A less well known and understood root of prejudice is . . . most people are afraid of the dark. The literal dark in the outer world of night and winter – so easily seen by the number of lights we keep on 24 hours a day 365 days a year. But not just the literal dark or the dark in the outer world.  We are afraid of the dark in our inner worlds – the dark unknown within where we are afraid we’ll discover terrible dark things about ourselves. And the dark in our inner worlds that we have come to symbolize as “evil.” This fear of the dark has caused all sorts of problems in our world, including transferring our fear and our symbolic meaning onto people with dark skin.

If we would only heal our fear of the darkness, particularly the darkness within, we could work through and heal our feelings about our own darkness and the destructive aspects of our own personalities, and clearly see people with dark skin as unique people rather than symbolic expressions of our own inner “darkness.”

And the root of prejudice of which people seem to be the least aware is based on the most primal experiences from our childhoods. Those experiences in our earliest years when we are hurt or frightened by ‘the other,’ meaning, in essence, anyone who is not us. Those first fears of ‘the other’ later get transferred onto many other people and things. So, for example, fear of  mother or father can later be transferred onto someone of a different race, religion, sex, nationality . . .  without our having any awareness whatsoever of that occurring.
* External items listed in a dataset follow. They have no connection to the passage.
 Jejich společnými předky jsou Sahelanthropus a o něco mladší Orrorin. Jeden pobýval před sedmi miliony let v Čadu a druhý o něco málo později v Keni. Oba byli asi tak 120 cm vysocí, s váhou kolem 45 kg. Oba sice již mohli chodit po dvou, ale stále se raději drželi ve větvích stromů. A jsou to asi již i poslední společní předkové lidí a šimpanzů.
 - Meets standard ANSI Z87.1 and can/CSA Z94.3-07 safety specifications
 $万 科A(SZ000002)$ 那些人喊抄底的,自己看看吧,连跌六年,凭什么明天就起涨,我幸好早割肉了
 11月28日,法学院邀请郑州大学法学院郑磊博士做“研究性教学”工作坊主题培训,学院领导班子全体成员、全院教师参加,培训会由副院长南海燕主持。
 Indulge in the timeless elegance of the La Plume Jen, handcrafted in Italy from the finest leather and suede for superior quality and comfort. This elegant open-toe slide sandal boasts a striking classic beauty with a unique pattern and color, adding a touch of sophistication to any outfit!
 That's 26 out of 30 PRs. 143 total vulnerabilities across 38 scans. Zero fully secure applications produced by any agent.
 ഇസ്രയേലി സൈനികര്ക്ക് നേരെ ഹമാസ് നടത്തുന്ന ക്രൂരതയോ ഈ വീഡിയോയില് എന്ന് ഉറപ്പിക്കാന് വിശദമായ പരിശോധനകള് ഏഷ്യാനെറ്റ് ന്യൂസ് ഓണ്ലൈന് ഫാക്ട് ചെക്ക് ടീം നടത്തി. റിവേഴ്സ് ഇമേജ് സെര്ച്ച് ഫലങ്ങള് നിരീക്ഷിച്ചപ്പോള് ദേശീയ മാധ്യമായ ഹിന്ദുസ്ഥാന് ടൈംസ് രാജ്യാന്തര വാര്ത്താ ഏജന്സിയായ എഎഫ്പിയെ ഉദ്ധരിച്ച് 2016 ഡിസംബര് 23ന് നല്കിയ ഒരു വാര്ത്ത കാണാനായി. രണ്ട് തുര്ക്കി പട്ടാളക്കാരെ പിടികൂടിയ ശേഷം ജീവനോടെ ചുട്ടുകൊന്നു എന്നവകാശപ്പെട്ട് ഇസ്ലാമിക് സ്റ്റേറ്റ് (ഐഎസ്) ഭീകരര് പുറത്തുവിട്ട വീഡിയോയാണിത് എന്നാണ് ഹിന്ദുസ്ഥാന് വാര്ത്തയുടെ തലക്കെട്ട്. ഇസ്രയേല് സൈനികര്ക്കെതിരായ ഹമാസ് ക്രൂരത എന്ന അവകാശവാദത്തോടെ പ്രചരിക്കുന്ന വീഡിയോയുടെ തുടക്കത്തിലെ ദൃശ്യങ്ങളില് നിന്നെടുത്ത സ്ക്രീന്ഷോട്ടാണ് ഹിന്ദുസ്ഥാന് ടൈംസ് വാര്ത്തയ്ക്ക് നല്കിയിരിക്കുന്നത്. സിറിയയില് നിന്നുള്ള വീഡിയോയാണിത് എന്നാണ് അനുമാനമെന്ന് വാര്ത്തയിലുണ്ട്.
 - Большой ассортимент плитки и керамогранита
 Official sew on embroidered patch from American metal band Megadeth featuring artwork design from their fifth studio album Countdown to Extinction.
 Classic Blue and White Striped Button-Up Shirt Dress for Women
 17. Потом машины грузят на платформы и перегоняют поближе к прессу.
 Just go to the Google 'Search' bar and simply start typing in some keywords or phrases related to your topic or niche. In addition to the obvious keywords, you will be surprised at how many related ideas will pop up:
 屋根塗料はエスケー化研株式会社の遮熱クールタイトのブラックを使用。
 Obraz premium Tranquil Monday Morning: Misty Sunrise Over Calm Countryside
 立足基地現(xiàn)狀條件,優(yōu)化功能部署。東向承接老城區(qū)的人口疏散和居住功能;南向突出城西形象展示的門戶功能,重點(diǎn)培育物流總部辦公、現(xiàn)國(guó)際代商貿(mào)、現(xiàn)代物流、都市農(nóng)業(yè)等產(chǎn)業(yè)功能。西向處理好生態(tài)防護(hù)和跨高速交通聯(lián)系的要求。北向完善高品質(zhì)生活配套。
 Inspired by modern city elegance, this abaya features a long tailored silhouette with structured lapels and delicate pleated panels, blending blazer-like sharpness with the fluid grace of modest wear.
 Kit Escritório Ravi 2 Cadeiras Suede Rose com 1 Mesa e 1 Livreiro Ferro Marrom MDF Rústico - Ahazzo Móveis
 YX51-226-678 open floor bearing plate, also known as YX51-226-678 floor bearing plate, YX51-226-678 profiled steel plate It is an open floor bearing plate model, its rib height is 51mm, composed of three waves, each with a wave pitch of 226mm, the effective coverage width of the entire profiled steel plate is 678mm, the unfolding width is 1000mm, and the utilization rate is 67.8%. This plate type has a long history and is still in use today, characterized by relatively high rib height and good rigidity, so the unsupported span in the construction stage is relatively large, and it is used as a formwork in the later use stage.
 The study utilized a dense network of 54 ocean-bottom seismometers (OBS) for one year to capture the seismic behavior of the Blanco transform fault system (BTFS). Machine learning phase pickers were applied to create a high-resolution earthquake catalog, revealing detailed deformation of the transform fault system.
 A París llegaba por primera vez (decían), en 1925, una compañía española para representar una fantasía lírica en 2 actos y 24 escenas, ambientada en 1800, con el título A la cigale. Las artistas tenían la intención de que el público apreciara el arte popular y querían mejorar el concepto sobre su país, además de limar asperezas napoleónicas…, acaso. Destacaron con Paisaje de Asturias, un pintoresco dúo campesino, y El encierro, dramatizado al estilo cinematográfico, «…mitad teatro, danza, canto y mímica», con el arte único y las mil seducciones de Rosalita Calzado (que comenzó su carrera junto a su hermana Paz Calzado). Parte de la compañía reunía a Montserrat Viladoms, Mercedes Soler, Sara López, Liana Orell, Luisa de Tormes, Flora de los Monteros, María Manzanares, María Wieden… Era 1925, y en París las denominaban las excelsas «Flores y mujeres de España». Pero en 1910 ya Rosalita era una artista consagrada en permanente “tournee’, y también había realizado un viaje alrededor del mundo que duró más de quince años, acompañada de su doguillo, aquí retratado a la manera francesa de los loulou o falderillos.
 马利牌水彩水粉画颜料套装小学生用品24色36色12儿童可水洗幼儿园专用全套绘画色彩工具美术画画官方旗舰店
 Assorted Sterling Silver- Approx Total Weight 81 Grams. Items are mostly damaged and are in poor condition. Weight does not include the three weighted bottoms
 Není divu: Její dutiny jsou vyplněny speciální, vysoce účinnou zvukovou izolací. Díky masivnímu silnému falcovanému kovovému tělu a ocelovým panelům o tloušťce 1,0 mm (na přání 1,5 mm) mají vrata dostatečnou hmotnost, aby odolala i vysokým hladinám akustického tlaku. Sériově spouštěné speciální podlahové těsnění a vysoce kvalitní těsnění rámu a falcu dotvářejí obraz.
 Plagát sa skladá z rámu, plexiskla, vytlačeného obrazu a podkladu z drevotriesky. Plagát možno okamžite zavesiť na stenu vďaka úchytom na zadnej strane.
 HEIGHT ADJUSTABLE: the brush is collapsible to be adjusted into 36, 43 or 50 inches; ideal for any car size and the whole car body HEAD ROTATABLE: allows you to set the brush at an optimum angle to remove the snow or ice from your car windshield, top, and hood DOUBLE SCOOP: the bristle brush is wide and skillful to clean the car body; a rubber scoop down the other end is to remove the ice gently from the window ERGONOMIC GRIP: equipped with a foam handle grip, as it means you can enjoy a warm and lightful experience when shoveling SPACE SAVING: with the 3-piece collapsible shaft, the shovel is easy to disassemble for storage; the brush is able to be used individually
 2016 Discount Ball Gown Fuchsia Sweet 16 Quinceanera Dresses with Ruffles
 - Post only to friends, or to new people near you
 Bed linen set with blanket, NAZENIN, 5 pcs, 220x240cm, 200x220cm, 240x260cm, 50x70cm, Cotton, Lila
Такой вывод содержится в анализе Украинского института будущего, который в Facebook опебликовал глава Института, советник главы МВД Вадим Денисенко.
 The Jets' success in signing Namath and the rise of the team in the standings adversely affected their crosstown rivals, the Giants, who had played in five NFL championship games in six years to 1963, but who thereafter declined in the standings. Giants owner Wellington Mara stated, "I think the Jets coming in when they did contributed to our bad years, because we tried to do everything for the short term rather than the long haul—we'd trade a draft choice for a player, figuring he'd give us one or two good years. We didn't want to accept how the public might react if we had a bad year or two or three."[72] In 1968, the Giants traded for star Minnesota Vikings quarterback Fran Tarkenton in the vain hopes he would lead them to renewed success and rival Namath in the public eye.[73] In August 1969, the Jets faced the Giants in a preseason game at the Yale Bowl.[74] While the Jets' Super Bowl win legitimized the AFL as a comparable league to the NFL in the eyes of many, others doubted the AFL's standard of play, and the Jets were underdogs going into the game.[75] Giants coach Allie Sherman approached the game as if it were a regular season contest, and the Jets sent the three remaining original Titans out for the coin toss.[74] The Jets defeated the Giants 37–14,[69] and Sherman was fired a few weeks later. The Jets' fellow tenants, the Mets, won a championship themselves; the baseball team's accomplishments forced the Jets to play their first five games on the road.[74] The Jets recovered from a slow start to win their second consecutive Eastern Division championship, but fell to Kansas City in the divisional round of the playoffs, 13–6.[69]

There’s a wonderful line in the 2009 book, The Help, a book about “black maids” working for white women in Mississippi. It’s actually a line dear to the author, Kathryn Stockett, and one that speaks to the heart of the issue:  “Wasn’t that the point of the book? For women to realize, we are just two people. Not that much separates us. Not nearly as much as I’d thought.”**

These are three of the deep roots of prejudice in our psyches and our world.
We will be prejudiced, whether consciously or unconsciously, and somehow, whether ever-so-subtly or absolutely blatantly, we will act on our prejudices . . . until we each commit to explore and heal the prejudices that live within us.
We will do this over and over until each of us does our own individual inner work with prejudice.
Where does your fear of those who are different from you come from?
It is a deep choice:  Are you willing to explore and heal your fear of “the other” and in doing so, help to heal prejudice in yourself and our world?

(c) Judith Barr, 2011

* © Oscar Hammerstein II, 1949
** Kathryn Stockett, The Help, 2009, G. P. Putnam’s Sons, pp 418 and 451.